Forbearance may be an option if you are:
- Behind on your mortgage payments or on the verge of missing payments.
- Experiencing a temporary hardship.
What are the benefits?
- Lower or temporarily suspend your monthly payment—giving you time to improve your financial situation and get back on your feet.
- Less damaging to your credit score than a FORECLOSURE.
- Stay in your home and avoid foreclosure.
How does it work?
Forbearance reduces your monthly mortgage payment—or suspends it completely—during the forbearance period.
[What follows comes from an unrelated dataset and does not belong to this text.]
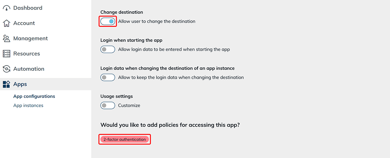 - Die Option „Ändern des Zielsystems durch den Benutzer erlauben“ ist standardmäßig aktiviert. Wenn Sie nicht möchten, dass Ihre Benutzer das Zielsystem selbstständig ändern, deaktivieren Sie den entsprechenden Schiebeschalter. Falls Sie sich nicht sicher sind, können Sie die Berechtigung auch nachträglich einschränken.

If you qualify for forbearance, you and your mortgage company will discuss the forbearance terms:
- Length of forbearance period.
- Reduced payment amount (if the payment is not suspended), and the terms of repayment.
WHAT YOUR HOME LOAN OPTIONS WILL DO FOR YOU
- Guides you through the process.
- If necessary, we will lead a conference call with your lender to get you entered into the program.
Loan Modification
A Loan Modification is any change to the original terms of your loan including extending the term, lowering the interest rate or changing the loan type.
Should I do a Loan Modification?
If you’ve fallen behind on your mortgage payments, your lender may be offering you the chance to apply for a Loan Modification. Keep in mind that while a Loan Modification will reduce your payment, it will not reduce the amount you owe on the property.
A Loan Modification may be a good choice if…
- The situation that caused you to fall behind has been resolved.
- Your financial stability is enough to support your new monthly payment.
- This is your primary residence.
- You have equity in your home.
- You are prepared to stay in your home for many years if you have no equity in your home.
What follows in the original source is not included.